Tom Linebarger, its chief executive, says he is highly confident that hydrogen lorries will be “even money” with diesel lorries on total cost of ownership by 2030. 

Customers, he says, are worried about the reliability of vehicles with batteries. 

“If I am a distribution company and have fuel-cell vehicles using hydrogen, I don’t need to depend on the grid.”

As on road so, perhaps, on rail. 

France’s Alstom, the biggest rail manufacturer outside China, is already running hydrogen-powered trains in Germany. 

Compared with diesel trains, these whizzy locomotives emit no local air pollution, make very little noise and offer a ride as smooth as that of conventional electric trains. 

The firm thinks many of the 5,000 diesel trains to be retired in Europe by 2035 could economically be replaced by hydrogen trains. 

By 2030, hydrogen trains could make up a tenth of those not already electrified.

The Boston Consulting Group (bcg) reckons that hydrogen could be competitive on price with other ways of fuelling trains by 2030 even with no carbon pricing. 

The other big early market it sees is in construction equipment and other applications where the high torque provided by electric motors is useful and the long charging time for batteries a frustration (fork-lift trucks have proved to be one such niche). 

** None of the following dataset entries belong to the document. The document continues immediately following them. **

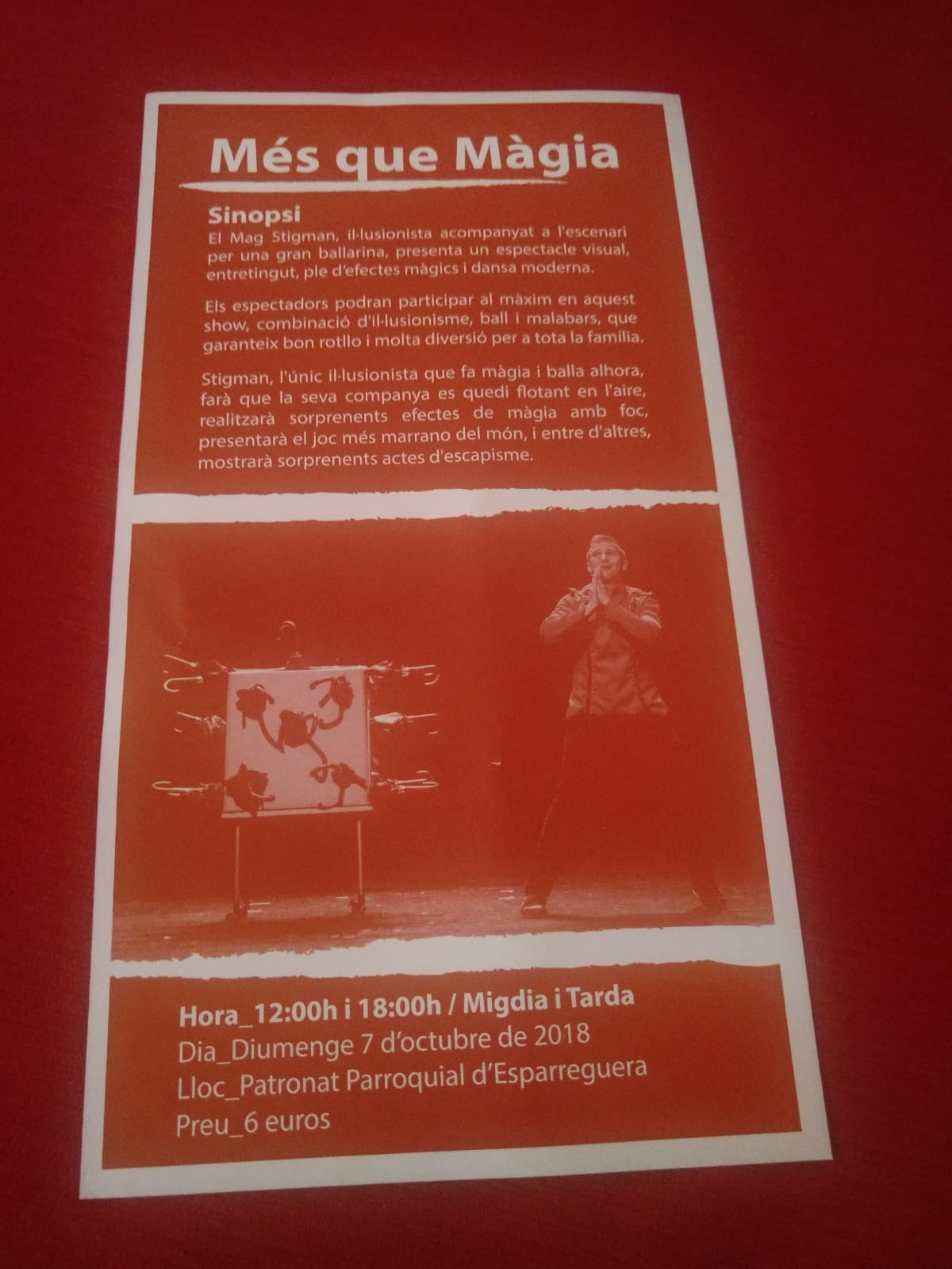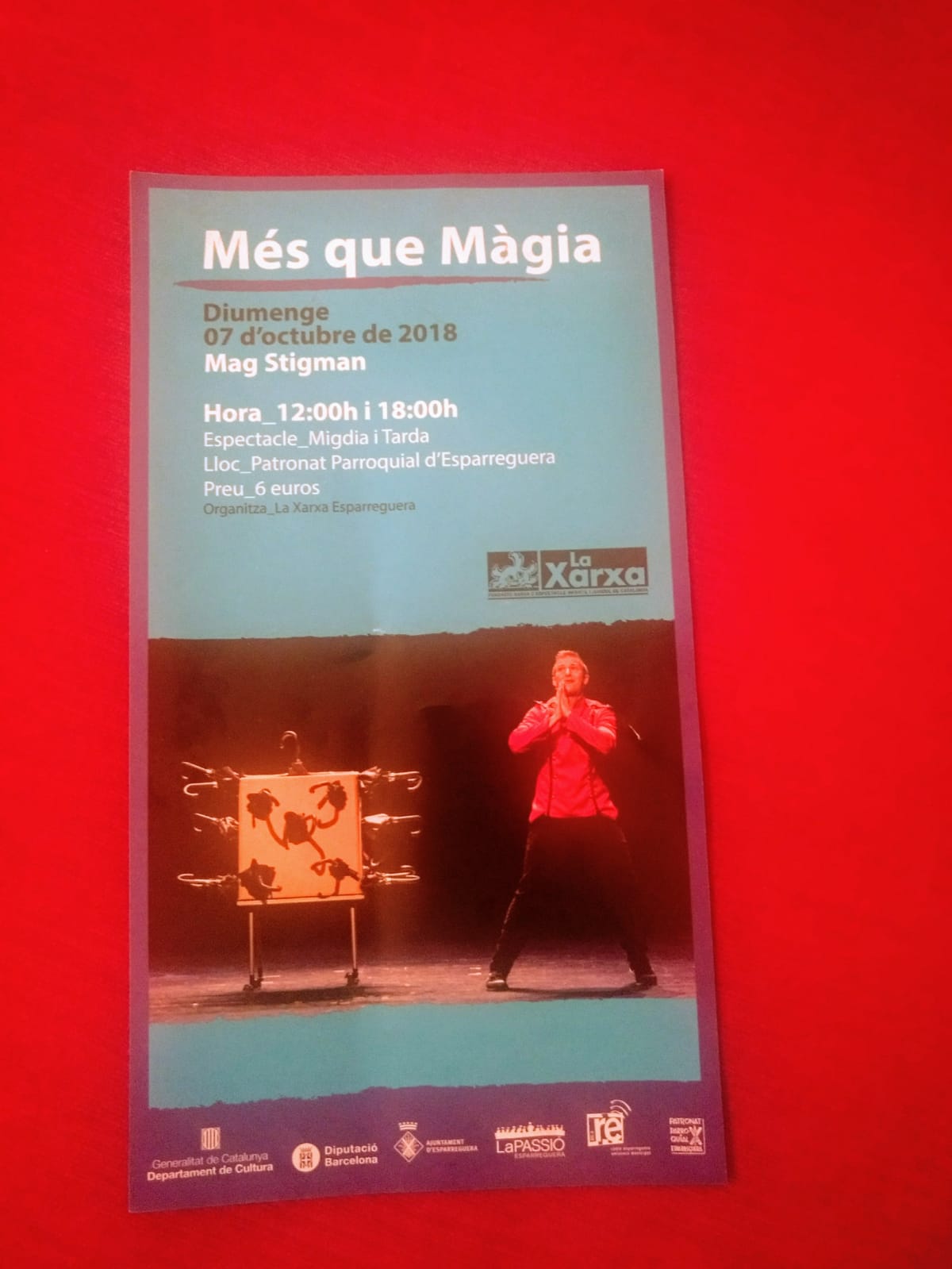 El pasado domingo 7 de octubre del 2018, tuvo lugar la representación de dos funciones del espectáculo «Més que Màgia» del Mago Stigman. Más concretamente, fue en el Teatre Patronat Parroquial de la ciudad de Esparreguera para el grupo Xarxa Esparreguera (que fueron los organizadores del evento). El primer pase se inició a las 12h y el segundo fue por la tarde, a las 18h. Fue un éxito de público y todo el mundo disfrutó del buen rollo, la magia y el baile que caracteriza a nuestra compañía «M de Magia (www.mdemagia.com)».
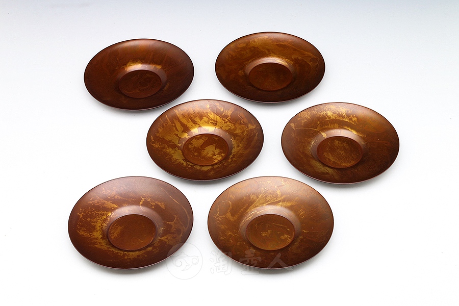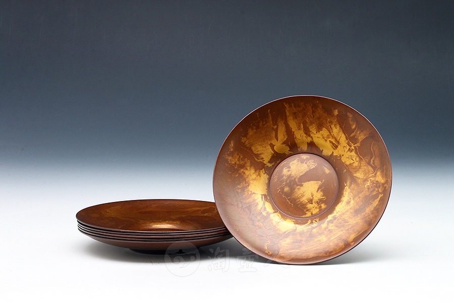 纯紫铜打造,精制“斑斓彩”装饰。金色的流火般的花纹,既象征着铜在火中锻造,又蕴含着茶在火上焙烤。寓意美好,工艺繁复,纹样各异,与铜面相得益彰。
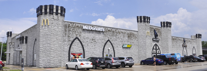 | This Castle Car Wash was built in 1997. These photos are from 2010. The business was closed in 2011. In 2012, the building was still vacant. By 2015, the tower and the castle-features on the building were gone. It was reduced to a vacant box. |
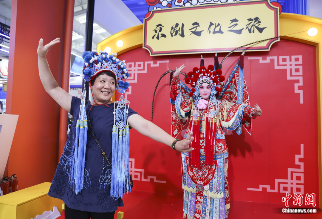 2023年中國國際服務(wù)貿(mào)易交易會(服貿(mào)會)在北京舉行,觀眾在首鋼園區(qū)“京劇文化之旅”展臺模仿京劇演員表演《穆桂英》片段。趙雋 攝
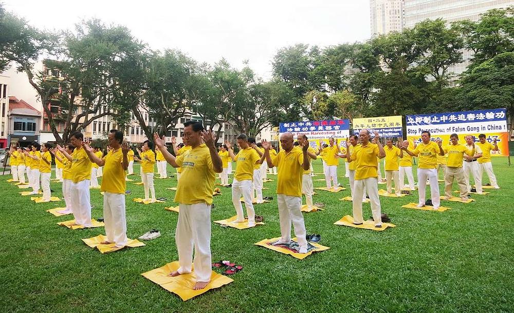Praktikanti Falun Gonga u Singapuru su, 17. aprila 2018. godine, održali komemoraciju u Hong Lim Parku obilježavajući tako 19. godišnjicu mirnog protesta održanog 25. aprila u Pekingu. Oni su takođe podržali 300 miliona Kineza koji su povukli svoje članstvo u Komunističkoj partiji Kine (KPK) i njenim pridruženim organizacijama.
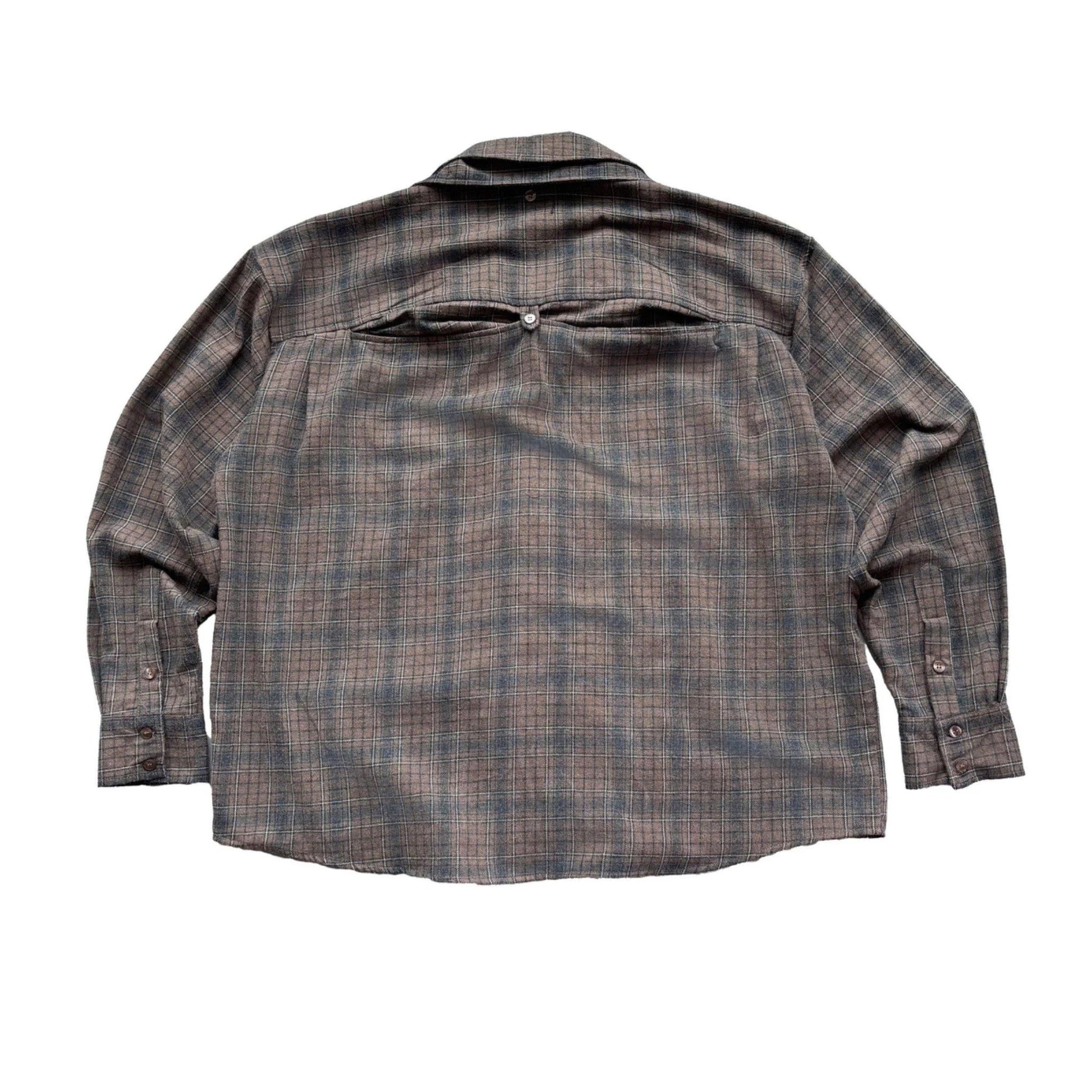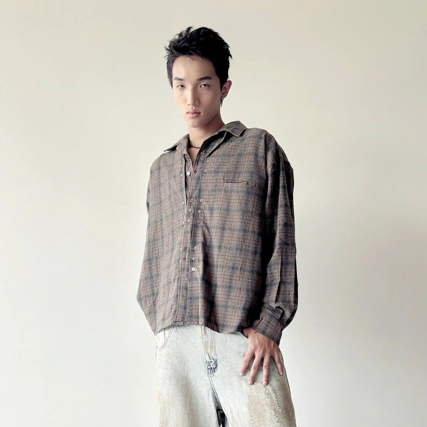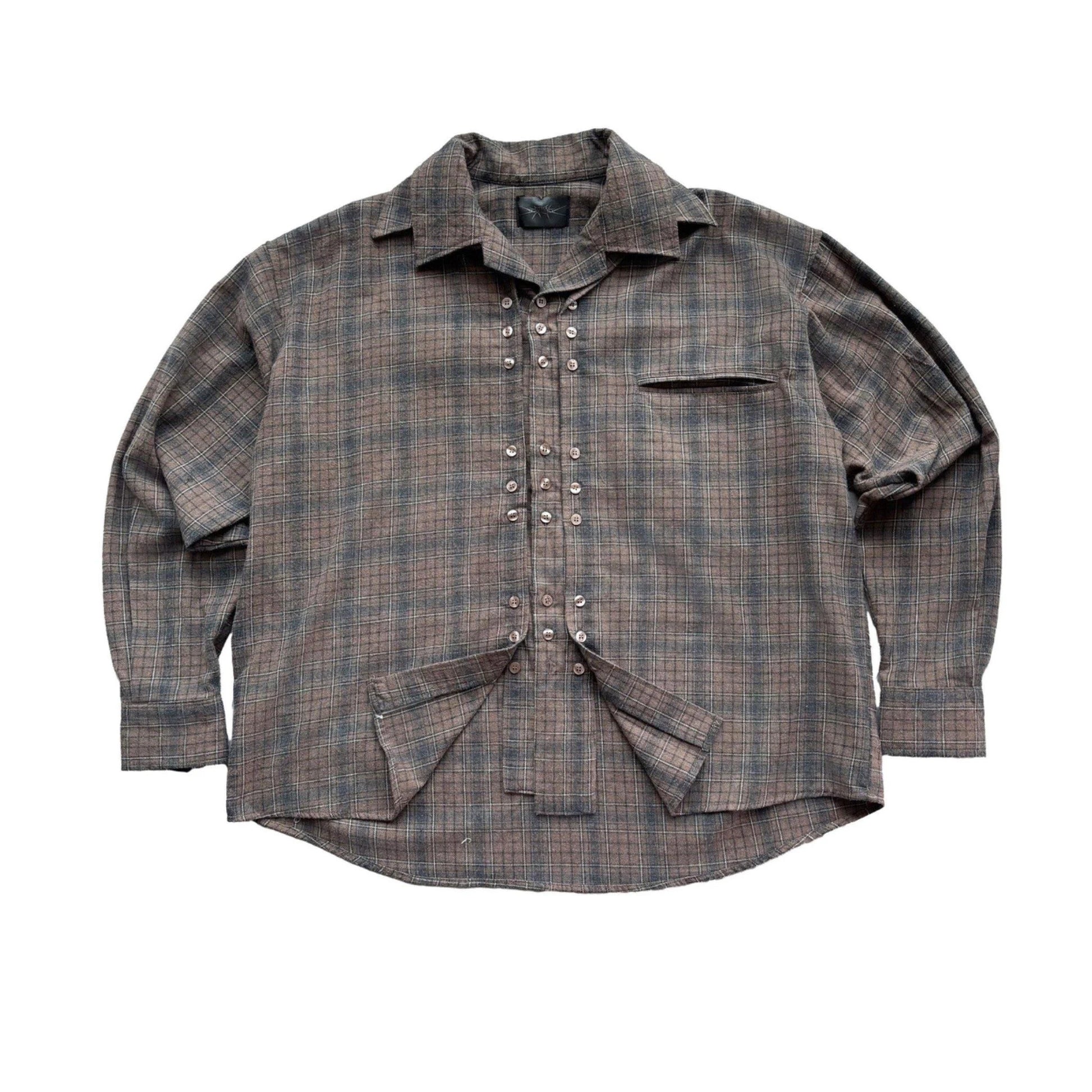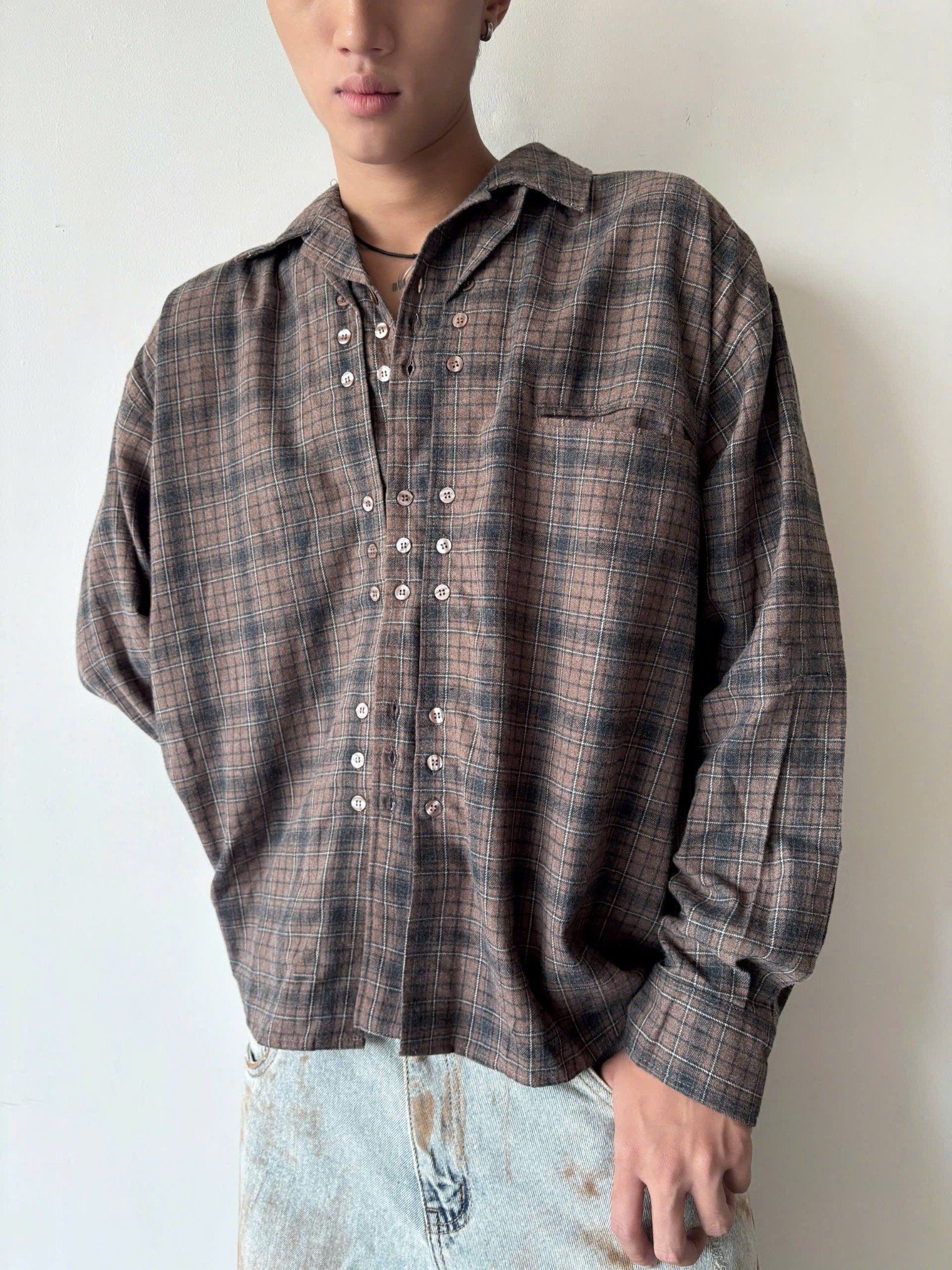 Design: The shirt is designed with an oversized fit. The front features three rows of buttons, with the middle row being detachable.

bcg expects heavy lorries, ships and applications in the chemicals industry will be close behind, and predicts an annual $200bn market for hydrogen-related machinery and components by 2050.

But this makes sense only if supply and demand grow in tandem. 

A business-as-usual approach in which supply was not stimulated would lead companies to double down on incumbent dirty technologies, particularly in industrial applications, as they update ageing capital equipment, leading to a pernicious lock-in of legacy equipment. 

But stimulating supply will generate resistance, both from incumbents in other fields and from finance ministries, unless demand is visibly increasing alongside it and delivering things which people want.

Comparing it to the renewables industry, which could feed in to existing grids, Mr Heid of McKinsey likens the hydrogen economy to a heavy flywheel: “It takes more to get it spinning, but once it’s going it really goes.” 

He might also add that spinning up a flywheel is a tricky business; let it go even a little off balance and you risk having it tear apart.